THe National Association of Resident Doctors (NARD) has said that it is not part of the Memorandum of Understanding (MoU) signed by the Nigerian Medical Association (NMA) with the Federal Government on its behalf in Abuja on Saturday.
NARD President Uyilawa Okhuaihesuyi on Sunday told The ICIR that its group’s three-week-old strike would continue until the government acceded to its demands.
Asked if the NMA had the power to sign on NARD’s behalf in such a circumstance, Okhuaihesuyi said the NMA’s action would not be binding without NARD’s consent, though the NMA was NARD’s parent association.
The failure of the government and NARD to resolve the impasse will further compound the woes of Nigerians facing traumatic experiences while attempting to receive care in public hospitals because of an acute shortage of doctors occasioned by the strike.
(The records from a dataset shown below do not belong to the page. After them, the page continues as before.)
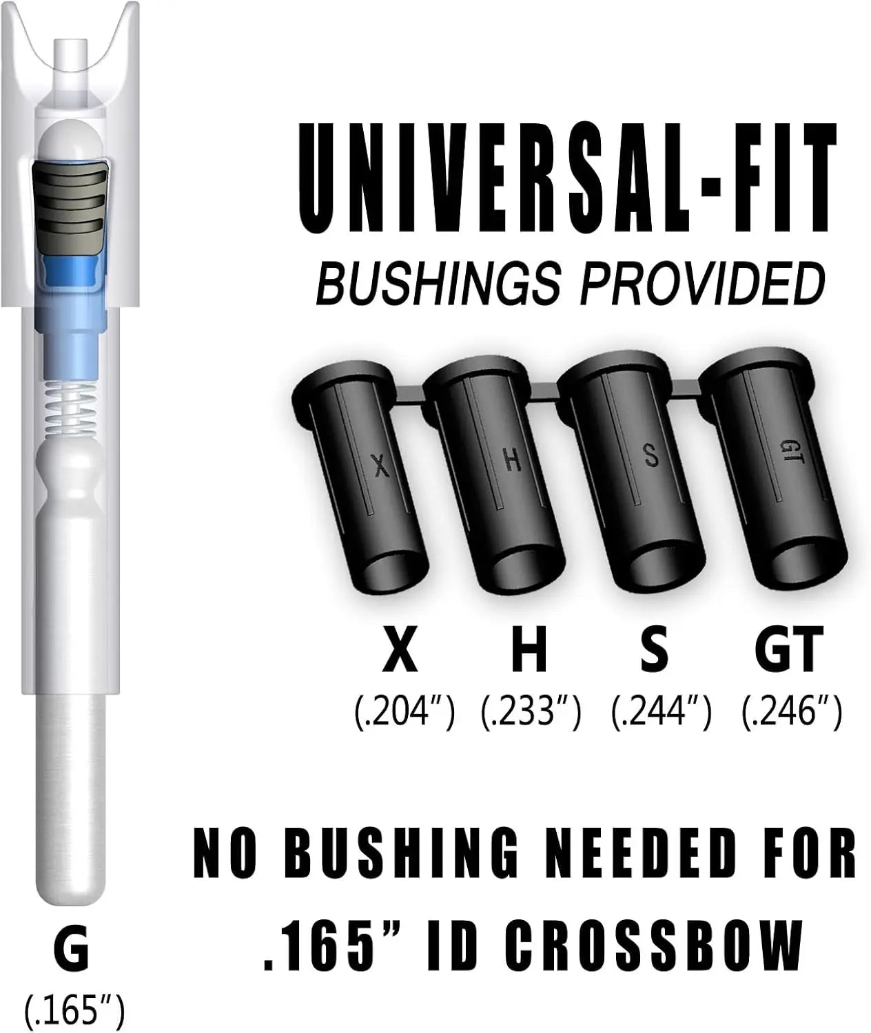 Our Crossbow Lighted Nocks come with X, H, S, GT Bushings, ensuring a perfect fit for arrows of sizes .165"/.204"/.233"/.244"/.246".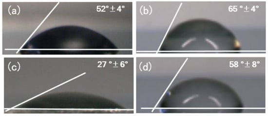 Figure 1. Contact angle of the water–stainless steel surface: (a) control, (b) ODPA-SAM-modified samples, (c) HOOC-DPA-SAM-modified samples, and (d) polyamine-tethered HOOC-DPA -SAM-modified samples.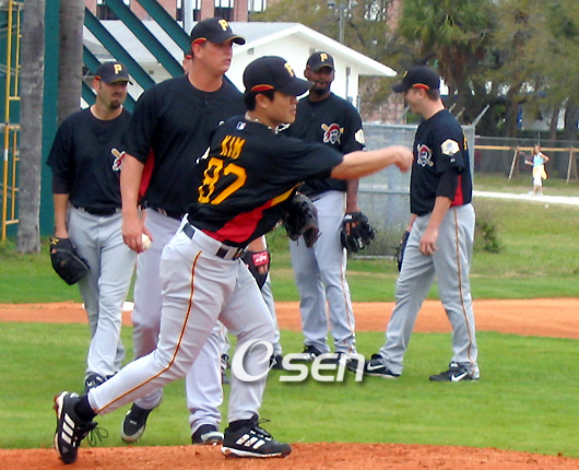 "(김)병현이에게 큰 도움이 될 겁니다." 대만 타이중에서 벌어지는 베이징 올림픽 예선에서 한국을 8년 만에 본선 무대로 이끈 이승엽(32, 요미우리)이 초청선수 자격으로 피츠버그 스프링캠프에 참가 중인 우완 구와타 마쓰미(40)가 김병현(29)에게 큰 도움을 줄 것이라고 말했다. 구와타는 지난 1986년부터 20년간 요미우리의 간판 투수로 활약하며 개인 통산 173승을 거둔 일본 최정상급 투수. 지난해 피츠버그와 마이너리그 계약을 맺은 구와타는 빅리그에서 승리없이 1패(방어율 9.43)에 그치며 트리플A로 강등됐다. 엎친 데 덮친 격으로 오른 발목 부상까지 겹쳐 시즌이 끝난 뒤 방출 통보를 받았다. 그러나 빅리그 진출에 대한 의지가 강해 지난 달 초청선수 자격으로 다시 피츠버그 스프링캠프에 합류했다. 2006년 요미우리로 이적한 뒤 구와타와 1년간 한솥밥을 먹었던 이승엽은 "(구와타를) 많이 안 봤지만 워낙 열심히 했던 선수로 기억한다"며 "구단과 선수들에게 이미지가 좋다"고 평가했다. 이승엽은 구와타의 뛰어난 몸관리에 관한 일화를 들려줬다. "요미우리 캠프가 열리는 미야자키에 구와타 로드라고 있다. 구와타가 매일 러닝하는 코스인데 너무 열심히 뛰어 잔디가 없을 정도"라고 전했다. 불혹의 나이에도 불구하고 빅리그에 진입하기 위해 노력하는 구와타의 도전 정신은 이승엽에게 큰 희망이 된다. "몸 관리만 잘 하면 나도 가능하지 않겠냐"며 "열심히 준비하며 기회를 기다리겠다"고 강조했다. 이승엽은 현실에 충실해야 한다는 말도 잊지 않았다. "지금은 요미우리에서 최선을 다하는 것이 중요합니다". what@osen.co.kr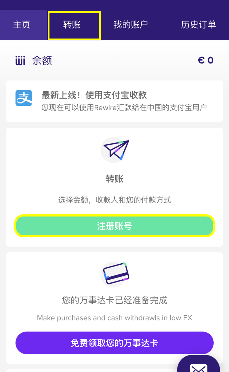 在Rewire平台创建汇款的订单,请点击首页上的“汇款”选项或者进入主页面上的“开始汇款”选项。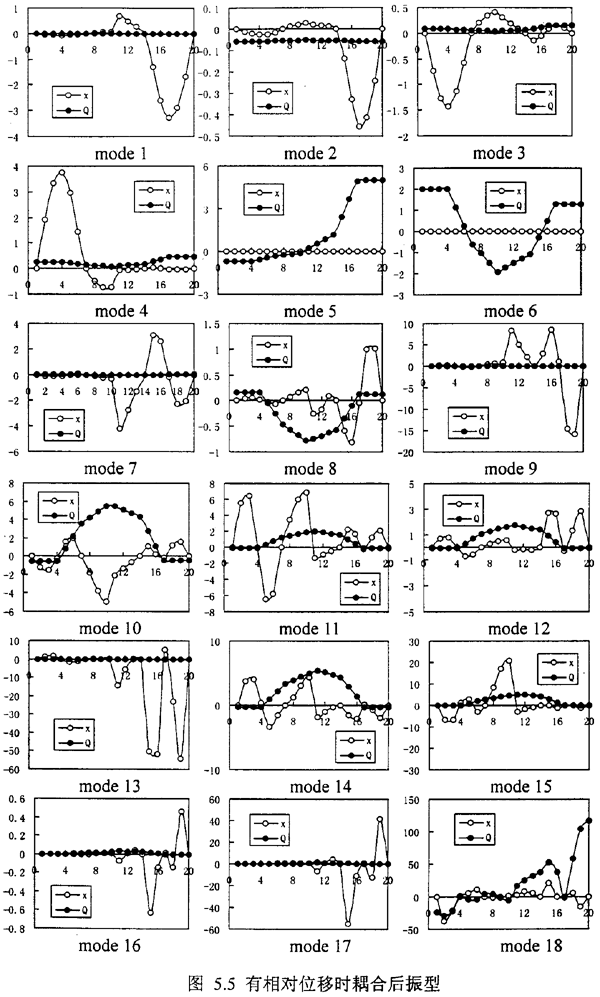 表5.3是耦合系統(tǒng)在同樣的轉(zhuǎn)速下,前18階的固有頻率,圖5.4是這些固有頻率對應的耦合狀態(tài)下轉(zhuǎn)子的振型;橫坐標質(zhì)點1~10代表軸1、11~20代表軸2;縱坐標為振型;實點表示扭轉(zhuǎn)振型、空心點表示彎曲振型。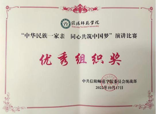 【学院荣誉】beat365荣获信阳师范学院“中华民族一家亲 同心共筑中国梦”演讲比赛优秀组织奖
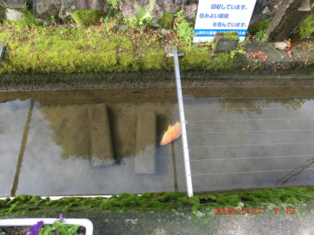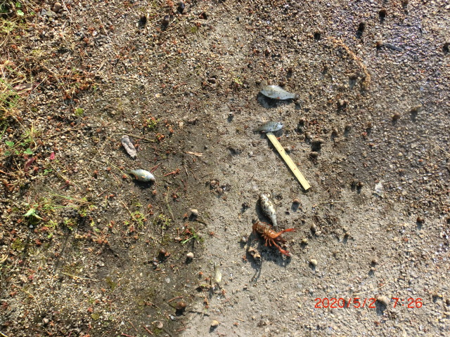 2020/5/27 生態系調査 町中小川 なし 山寺川 ザリガニ2匹 町中 緋鯉2匹死亡写真 写真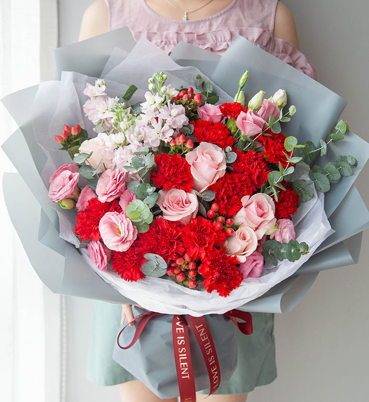 你是我最柔的牵挂,我是你最硬的铠甲!12朵红色康乃馨,6朵粉玫瑰(粉佳人)、3头或以上粉色洋桔梗5枝、粉色紫罗兰3枝(缺货时用相似线状花材替代)、红豆5枝配尤加利
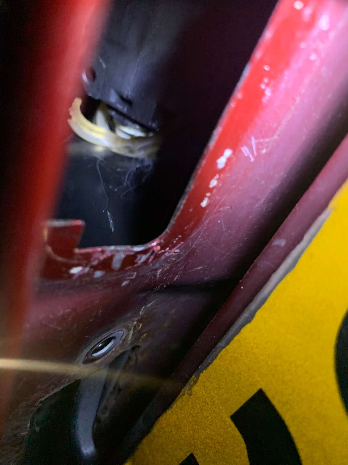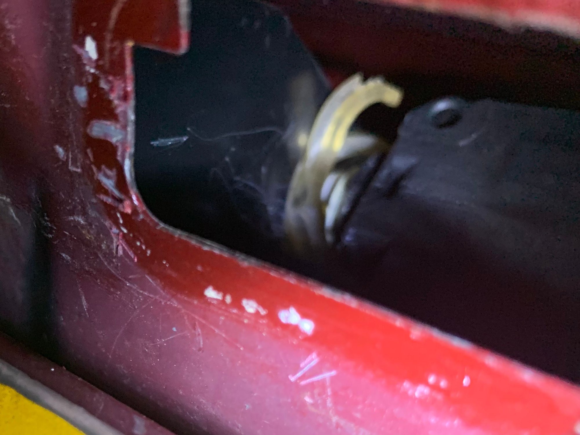 I know the plastic pawl on the end of the emergency release was broken off in there, and now I think that, when I crawled in thru the bow/lid opening, I pulled the emergency release and broke the pawl.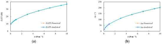 Figure 3. Comparison of analytical and numerical solutions of: (a) EATT and (b) Δφ. ΔL is set to 5 cm, and L1 and L2 are set to 30 cm and 25 cm.

Apart from cholera which has killed at least 1,200 people in few months, death tolls from COVID-19 and other ailments have jumped.
The country parades some of the world’s worst health indices, and at least 90 per cent of its population pay out-of-pocket for health.
Maternal and child mortality data in Nigeria are the highest globally.
On the directive of President Muhammadu Buhari, Minister of Labour and Employment Chris Ngige had on Friday convened a meeting with the NMA, NARD and other leading doctors’ unions in the country, namely the Medical and Dental Consultants Association of Nigeria (MDCAN), and Association of Medical Doctors in the Academics.
After a marathon meeting that dragged into Saturday, NMA signed an MoU with the government on behalf of NARD, but NARD’s president, who was at the meeting, shunned the MoU.
Okhuaihesuyi told our reporter that he refused to sign the MoU because of the government’s stance on “no work, no pay.”
“I didn’t sign the MoU. They forced me, but I refused to sign,” Okhuaihesuyi told The ICIR on Sunday.
A statement issued by the government after the meeting showed that the government reached major agreements with NARD on its demands.
The ICIR reported how the government had vowed to sack the doctors for proceeding on strike.
Buhari ordered Ngige to meet with the doctors after the government had dragged the practitioners to court.
Buhari’s directive came after the president had enjoyed medical treatment in London for days while the strike was on.
The president also relished the best medical care in London when NARD went on strike in April.
While the president was in London, Ngige had threatened to replace striking doctors with ad-hoc or local doctors.
But he did not explain what he meant by ad-hoc or local doctors, as the terms do not apply to orthodox medicine practice in Nigeria.
The minister had said heading to the court was one of the legal options for sacking the doctors.
Ngige, a medical doctor and a former senior official at the Federal Ministry of Health has faced strong criticisms from medical practitioners and other health workers over his stance on issues in the sector.
In 2019, he came under attack after he had said the country had enough doctors, urging any of his colleagues that wanted to leave the country to go because, according to him, the nation had more doctors than it needed.
Subsequent findings, however, proved him wrong.